We got our tokens for the ball dispenser and got the f*ck out of that place. We soon found ourselves all alone on a driving range, with sunshine, wooded hills, and a cloudless sky to accompany us. My little brother, Matthew, gave me a crash course on not sucking at golf, and proceeded to impress me with a fantastic drive. Wow, I'm actually literally having a deja vu right now... I actually remember typing this at anothe... oh it's done now. Right, where was I? Oh yes, my brother was awesome at driving, and me, well I swung and missed like 7 times before hitting the ball in the exact opposite direction.

By my last couple of strokes I was getting decent! Progress is the reward of hard work, and god damn it did I ever suck.

When we got home, I had some Pizza that we picked up, and proceeded to explain to my mother exactly what a douche bag was. Now don't get me wrong, that's not the kind of thing I would usually talk about, to anyone, but I used it to describe someone who particularly fits the douche bag bill, and she was curious to know why I always called people that.

After that stimulating conversation, I decided it was time that I live up to the expectations that I set for myself. Have you ever stopped and thought to yourself: gee, I wish I was more like this, or that? This has happened to me lately, I want to be more like I want to be, and less like I allow the world to make me. Confused? You see, I just got out of a year long relationship. I loved that relationship, and the woman who made it so great. However, for reasons that shall remain private, we decided it would be best to go our separate ways for now. This has left me in a rather delicate situation. I am doing my best to recover from losing someone so close to me, and I am also trying to salvage myself from the wreckage of a broken love.

Where does love leave you once love has left? Alone.
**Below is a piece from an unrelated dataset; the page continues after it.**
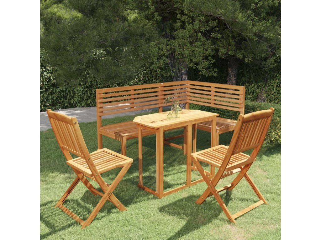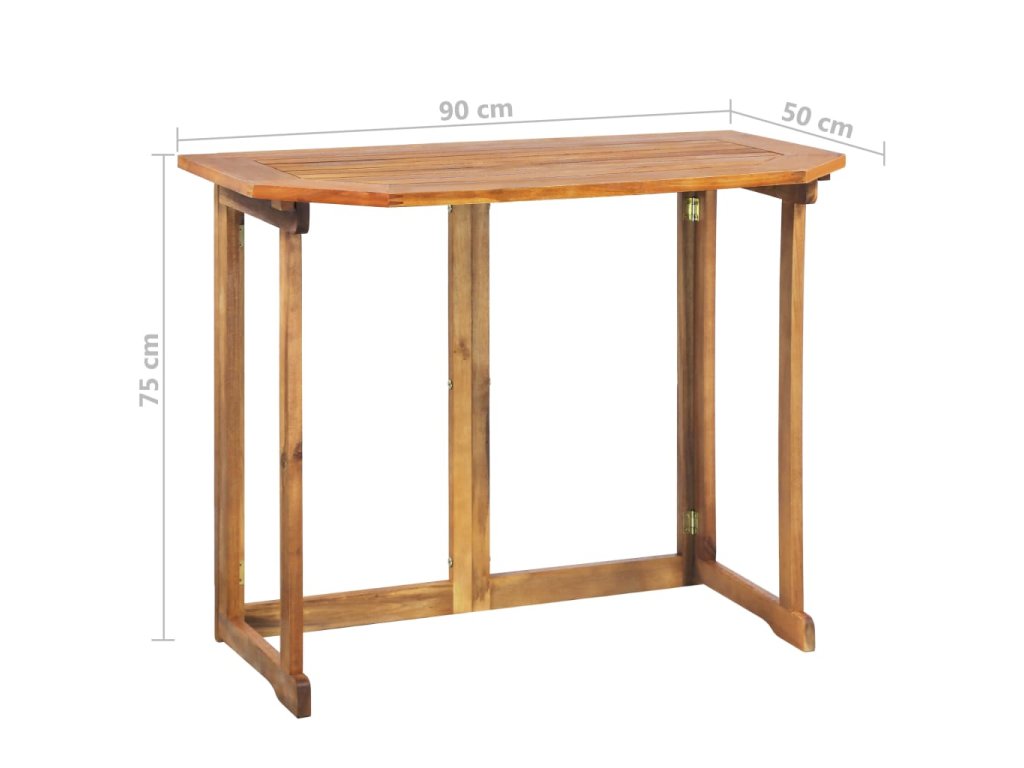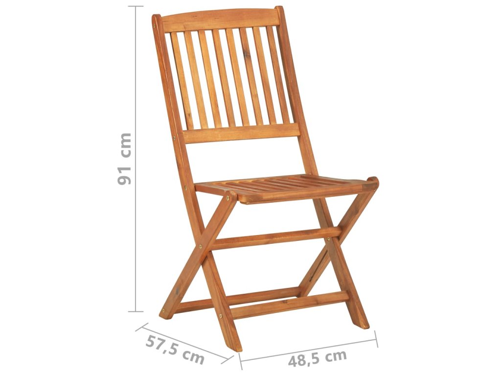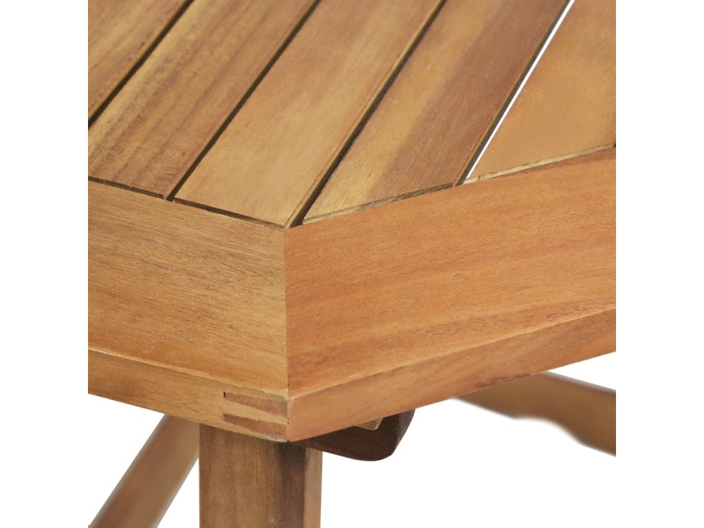 Set je vyrobený z masivní akácie, tvrdého tropického dřeva, které je odolné vůči klimatickým vlivům a má velmi dlouhou životnost, proto se hodí k venkovnímu použití. Povrch stolu je ošetřený olejem, takže se snadno čistí, postačí vám k tomu navlhčený hadřík. Stůl i židle jsou skládací pro snadnou úschovu a přenášení.

Back to my point about expectations! So, now that I am alone, I have to become someone who I can be happy to spend my time with, who I can talk to, and who will make me happy! Sounds insane? Probably is. The thing is, I don't want to be unhappy forever. I have my family here in New Brunswick, but I don't have any friends, all of my social outlets are in Ottawa where I left my life, and my hobbies, sports, and everything that made me me is no longer around. SO, this leaves me even MORE alone. What does one do? Well, I was depressed for a while, unwilling to do anything, or rather unable to do anything. I did not have the capacity to even help myself. I struggled to build the courage to move on, but I just couldn't do it. I don't know why, but I expected to jump back into life, ready for my next set of adventures without this woman who suddenly disappeared from my life... boy is that ever easier said than done.
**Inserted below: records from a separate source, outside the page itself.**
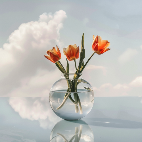 feminine poster, transpaprent glass tibe vase, tulips inside, in white clouds surface, clean white sky background, --v 6.0
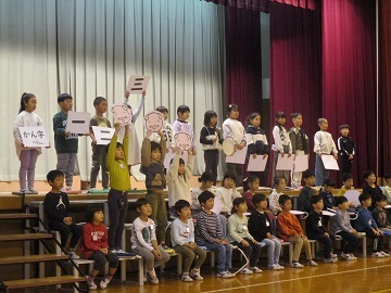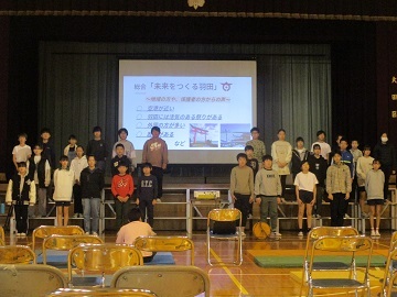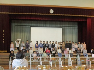 開校記念集会を通して、みんなで萩中小学校の誕生日をお祝いしました。
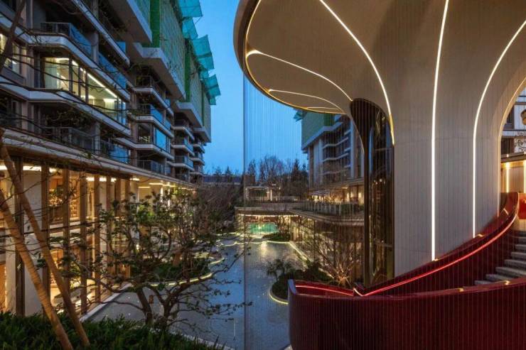 示范区核心包含约1600㎡下沉庭院,融入山、水、瀑、林等自然元素,形成可沉浸的生活场景;双桥跨水归家系统,提升归家仪式感。同时配置约3000㎡双会所,涵盖双层书吧、健身等功能空间,满足多元需求。

However, that very same woman gave me some good advice. She said that I should take the time to write down who I want to be. I did, and you know what? It worked like a charm.

After that conversation with my mom about douche bags, I got up and went for my first jog in months. I ran through endless fields of potatoes on a dirt road used mostly for farming equipment. As I ran, I appreciated the natural beauty around me, and was also reminded of the wonders of simply being alive. I thought as I ran, long and hard, all about what it means to live and to exist. I thought about what I wanted, who I wanted to become, and how I would do it. I encouraged myself, I supported my hopes, and for the first time in a long time, I felt the absolute strength of will that so many philosophers go on and on about. I felt like someone deep inside of me was emerging, and it felt good.

Once home, I showered, and went to the store to rent a movie. I stayed a bit longer to help my mom close up, and then came home to watch Hard Candy with her. That movie is a blog topic in of itself, and so I will leave it out for now. Once the movie finished, my sister, who was hanging out with a friend, asked me if I could drive her friend home. I had a nice chat with my sister on the way back to our place. When I got in, I thought about playing a videogame before sleep, but decided that I would get greater satisfaction from creating a blog and writing my very first entry.

And even if nobody ever reads this, I am still as happy and satisfied that I did what I knew would be better for me, because in the end, satisfaction still comes from what requires effort and thought.